Here a new dim will be added called `flag`, with the same length as the number of flags in the Landsat 8 QA_PIXEL band. The `flag` dim should be set as a core dim.  

In [None]:
L8_flag_names = unpackqa.list_qa_flags(L8_qa_product)

flag_ds = xr.apply_ufunc(
    unpackqa.unpack_to_array,
    ds,
    kwargs = dict(product=L8_qa_product),
    output_core_dims = [['flag']],
    dask_gufunc_kwargs = dict(output_sizes={'flag':len(L8_flag_names)}),
    output_dtypes=[np.uint8],
    vectorize=False,
    dask='parallelized'
    )

# put labels on the flag coordinates
flag_ds['flag'] = L8_flag_names

print(flag_ds)

### Flag values as new variables
Another option would be to have each flag as it's own data variable.

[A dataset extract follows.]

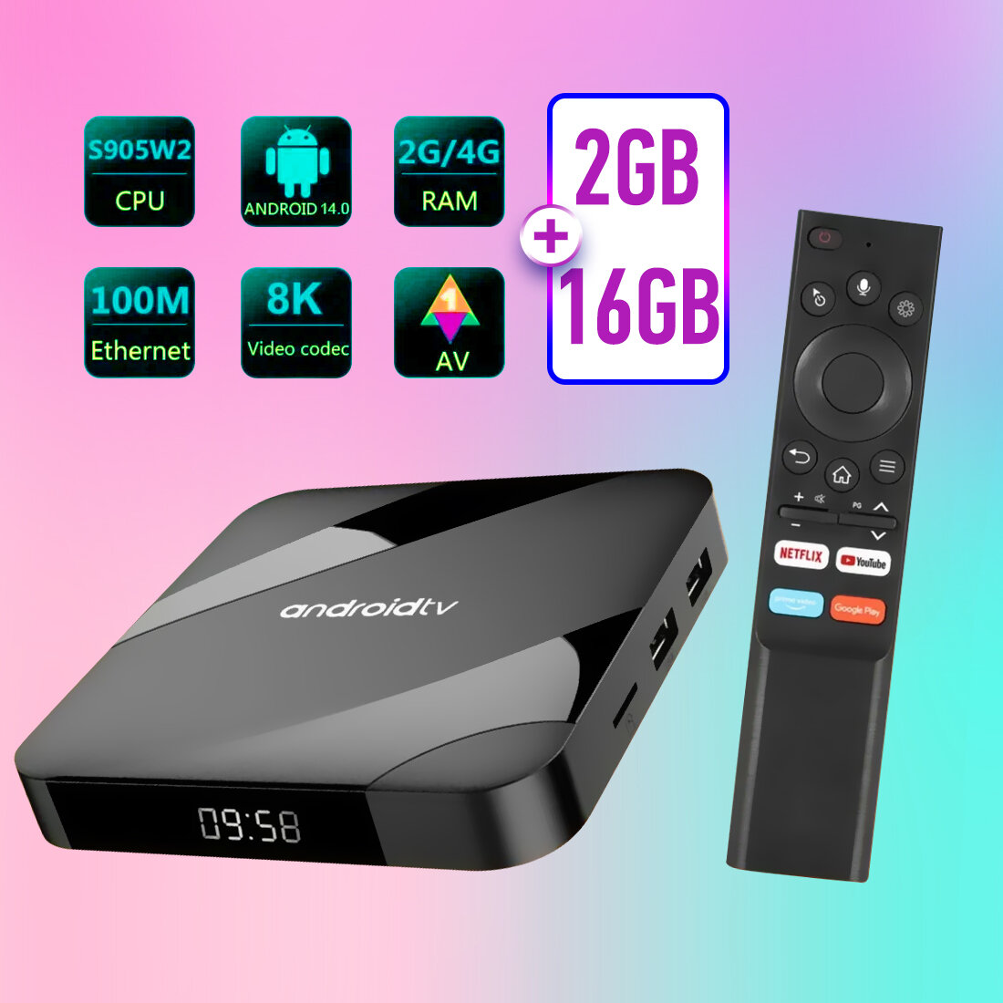 ТВ-приставка смарт-ТВ TV98 PLUS, Android 14, H313, 1 ГБ, 8 ГБ, 2 ГБ, 16 ГБ, AV1, 8K, двойной Wi-Fi, 6 ТВ-приставок, медиаплеер, ТВ-приставка

That can be done with some rearranging.

In [None]:
flag_ds2 = [flag_ds.sel(flag=flag_name).drop('flag').rename(flag_name) for flag_name in L8_flag_names]
flag_ds2 = xr.merge(flag_ds2)
print(flag_ds2)

### Loading and viewing flags
When the `chunks` argument is set for `xr.open_rasterio`, all files are accessed lazily. The `load` options executes all underlying functions and loads all data into memory.

In [None]:
flag_ds2.load()
print(flag_ds2)